[Records supplied Boundary: Start]
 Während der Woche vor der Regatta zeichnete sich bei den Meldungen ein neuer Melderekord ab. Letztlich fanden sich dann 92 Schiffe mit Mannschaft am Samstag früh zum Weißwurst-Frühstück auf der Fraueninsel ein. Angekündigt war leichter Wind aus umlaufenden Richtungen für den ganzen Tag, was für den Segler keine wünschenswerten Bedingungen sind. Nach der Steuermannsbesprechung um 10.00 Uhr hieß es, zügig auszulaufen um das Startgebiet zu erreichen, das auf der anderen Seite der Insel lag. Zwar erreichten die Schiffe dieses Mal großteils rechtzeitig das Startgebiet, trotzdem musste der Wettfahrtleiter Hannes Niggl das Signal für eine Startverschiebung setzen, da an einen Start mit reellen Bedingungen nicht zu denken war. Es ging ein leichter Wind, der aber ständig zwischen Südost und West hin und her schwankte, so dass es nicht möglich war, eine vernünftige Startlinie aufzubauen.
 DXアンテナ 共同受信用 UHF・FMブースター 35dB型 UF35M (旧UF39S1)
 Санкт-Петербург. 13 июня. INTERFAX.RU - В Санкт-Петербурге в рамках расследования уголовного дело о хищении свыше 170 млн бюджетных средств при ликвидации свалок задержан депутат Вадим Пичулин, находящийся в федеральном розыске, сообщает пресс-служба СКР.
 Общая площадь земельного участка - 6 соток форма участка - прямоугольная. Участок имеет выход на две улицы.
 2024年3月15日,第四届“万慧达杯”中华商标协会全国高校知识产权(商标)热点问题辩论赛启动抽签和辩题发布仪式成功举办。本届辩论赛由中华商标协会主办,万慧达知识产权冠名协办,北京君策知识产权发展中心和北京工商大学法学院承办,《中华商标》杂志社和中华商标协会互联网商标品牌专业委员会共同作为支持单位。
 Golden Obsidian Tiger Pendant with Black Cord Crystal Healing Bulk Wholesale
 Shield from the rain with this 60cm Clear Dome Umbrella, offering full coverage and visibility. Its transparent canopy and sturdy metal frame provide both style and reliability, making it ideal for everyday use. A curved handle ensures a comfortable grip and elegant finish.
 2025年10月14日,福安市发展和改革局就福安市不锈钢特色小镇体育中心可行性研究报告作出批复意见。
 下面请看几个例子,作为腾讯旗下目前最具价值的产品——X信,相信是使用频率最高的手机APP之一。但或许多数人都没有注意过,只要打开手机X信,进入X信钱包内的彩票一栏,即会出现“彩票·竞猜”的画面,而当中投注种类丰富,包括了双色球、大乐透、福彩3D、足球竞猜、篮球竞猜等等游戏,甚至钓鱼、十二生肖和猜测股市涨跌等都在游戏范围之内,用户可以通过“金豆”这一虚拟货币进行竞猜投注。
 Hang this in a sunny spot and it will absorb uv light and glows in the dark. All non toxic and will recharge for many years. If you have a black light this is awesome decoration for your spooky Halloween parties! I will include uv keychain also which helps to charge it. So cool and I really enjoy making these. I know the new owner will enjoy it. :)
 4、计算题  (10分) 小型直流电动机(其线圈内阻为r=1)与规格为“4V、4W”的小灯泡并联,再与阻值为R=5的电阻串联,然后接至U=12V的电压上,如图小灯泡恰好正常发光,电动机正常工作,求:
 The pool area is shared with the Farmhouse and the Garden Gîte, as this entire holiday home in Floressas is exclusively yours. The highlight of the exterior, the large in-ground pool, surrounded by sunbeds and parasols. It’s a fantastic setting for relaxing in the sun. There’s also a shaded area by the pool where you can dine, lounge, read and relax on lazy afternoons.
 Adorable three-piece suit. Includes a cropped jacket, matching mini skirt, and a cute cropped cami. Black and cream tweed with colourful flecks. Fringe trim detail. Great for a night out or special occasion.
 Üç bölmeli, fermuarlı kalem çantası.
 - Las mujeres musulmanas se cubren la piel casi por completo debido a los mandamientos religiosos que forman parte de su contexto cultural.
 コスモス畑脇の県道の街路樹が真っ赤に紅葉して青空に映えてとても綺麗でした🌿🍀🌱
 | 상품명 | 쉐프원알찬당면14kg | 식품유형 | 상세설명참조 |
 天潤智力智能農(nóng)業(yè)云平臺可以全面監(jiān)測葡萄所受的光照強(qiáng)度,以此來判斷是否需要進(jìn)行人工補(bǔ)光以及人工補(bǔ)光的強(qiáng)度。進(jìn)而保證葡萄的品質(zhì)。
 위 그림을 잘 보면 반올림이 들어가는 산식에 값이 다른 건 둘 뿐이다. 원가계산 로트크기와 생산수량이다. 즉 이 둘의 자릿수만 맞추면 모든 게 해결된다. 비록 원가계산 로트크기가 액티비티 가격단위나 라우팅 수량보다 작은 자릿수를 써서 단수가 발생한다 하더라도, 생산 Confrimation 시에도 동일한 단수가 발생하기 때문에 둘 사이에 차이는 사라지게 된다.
[Records supplied Boundary: End]
--- Problem statement ---
Each line of the data should be given back exactly.

--- Answer to this task ---
 Während der Woche vor der Regatta zeichnete sich bei den Meldungen ein neuer Melderekord ab. Letztlich fanden sich dann 92 Schiffe mit Mannschaft am Samstag früh zum Weißwurst-Frühstück auf der Fraueninsel ein. Angekündigt war leichter Wind aus umlaufenden Richtungen für den ganzen Tag, was für den Segler keine wünschenswerten Bedingungen sind. Nach der Steuermannsbesprechung um 10.00 Uhr hieß es, zügig auszulaufen um das Startgebiet zu erreichen, das auf der anderen Seite der Insel lag. Zwar erreichten die Schiffe dieses Mal großteils rechtzeitig das Startgebiet, trotzdem musste der Wettfahrtleiter Hannes Niggl das Signal für eine Startverschiebung setzen, da an einen Start mit reellen Bedingungen nicht zu denken war. Es ging ein leichter Wind, der aber ständig zwischen Südost und West hin und her schwankte, so dass es nicht möglich war, eine vernünftige Startlinie aufzubauen.
 DXアンテナ 共同受信用 UHF・FMブースター 35dB型 UF35M (旧UF39S1)
 Санкт-Петербург. 13 июня. INTERFAX.RU - В Санкт-Петербурге в рамках расследования уголовного дело о хищении свыше 170 млн бюджетных средств при ликвидации свалок задержан депутат Вадим Пичулин, находящийся в федеральном розыске, сообщает пресс-служба СКР.
 Общая площадь земельного участка - 6 соток форма участка - прямоугольная. Участок имеет выход на две улицы.
 2024年3月15日,第四届“万慧达杯”中华商标协会全国高校知识产权(商标)热点问题辩论赛启动抽签和辩题发布仪式成功举办。本届辩论赛由中华商标协会主办,万慧达知识产权冠名协办,北京君策知识产权发展中心和北京工商大学法学院承办,《中华商标》杂志社和中华商标协会互联网商标品牌专业委员会共同作为支持单位。
 Golden Obsidian Tiger Pendant with Black Cord Crystal Healing Bulk Wholesale
 Shield from the rain with this 60cm Clear Dome Umbrella, offering full coverage and visibility. Its transparent canopy and sturdy metal frame provide both style and reliability, making it ideal for everyday use. A curved handle ensures a comfortable grip and elegant finish.
 2025年10月14日,福安市发展和改革局就福安市不锈钢特色小镇体育中心可行性研究报告作出批复意见。
 下面请看几个例子,作为腾讯旗下目前最具价值的产品——X信,相信是使用频率最高的手机APP之一。但或许多数人都没有注意过,只要打开手机X信,进入X信钱包内的彩票一栏,即会出现“彩票·竞猜”的画面,而当中投注种类丰富,包括了双色球、大乐透、福彩3D、足球竞猜、篮球竞猜等等游戏,甚至钓鱼、十二生肖和猜测股市涨跌等都在游戏范围之内,用户可以通过“金豆”这一虚拟货币进行竞猜投注。
 Hang this in a sunny spot and it will absorb uv light and glows in the dark. All non toxic and will recharge for many years. If you have a black light this is awesome decoration for your spooky Halloween parties! I will include uv keychain also which helps to charge it. So cool and I really enjoy making these. I know the new owner will enjoy it. :)
 4、计算题  (10分) 小型直流电动机(其线圈内阻为r=1)与规格为“4V、4W”的小灯泡并联,再与阻值为R=5的电阻串联,然后接至U=12V的电压上,如图小灯泡恰好正常发光,电动机正常工作,求:
 The pool area is shared with the Farmhouse and the Garden Gîte, as this entire holiday home in Floressas is exclusively yours. The highlight of the exterior, the large in-ground pool, surrounded by sunbeds and parasols. It’s a fantastic setting for relaxing in the sun. There’s also a shaded area by the pool where you can dine, lounge, read and relax on lazy afternoons.
 Adorable three-piece suit. Includes a cropped jacket, matching mini skirt, and a cute cropped cami. Black and cream tweed with colourful flecks. Fringe trim detail. Great for a night out or special occasion.
 Üç bölmeli, fermuarlı kalem çantası.
 - Las mujeres musulmanas se cubren la piel casi por completo debido a los mandamientos religiosos que forman parte de su contexto cultural.
 コスモス畑脇の県道の街路樹が真っ赤に紅葉して青空に映えてとても綺麗でした🌿🍀🌱
 | 상품명 | 쉐프원알찬당면14kg | 식품유형 | 상세설명참조 |
 天潤智力智能農(nóng)業(yè)云平臺可以全面監(jiān)測葡萄所受的光照強(qiáng)度,以此來判斷是否需要進(jìn)行人工補(bǔ)光以及人工補(bǔ)光的強(qiáng)度。進(jìn)而保證葡萄的品質(zhì)。
 위 그림을 잘 보면 반올림이 들어가는 산식에 값이 다른 건 둘 뿐이다. 원가계산 로트크기와 생산수량이다. 즉 이 둘의 자릿수만 맞추면 모든 게 해결된다. 비록 원가계산 로트크기가 액티비티 가격단위나 라우팅 수량보다 작은 자릿수를 써서 단수가 발생한다 하더라도, 생산 Confrimation 시에도 동일한 단수가 발생하기 때문에 둘 사이에 차이는 사라지게 된다.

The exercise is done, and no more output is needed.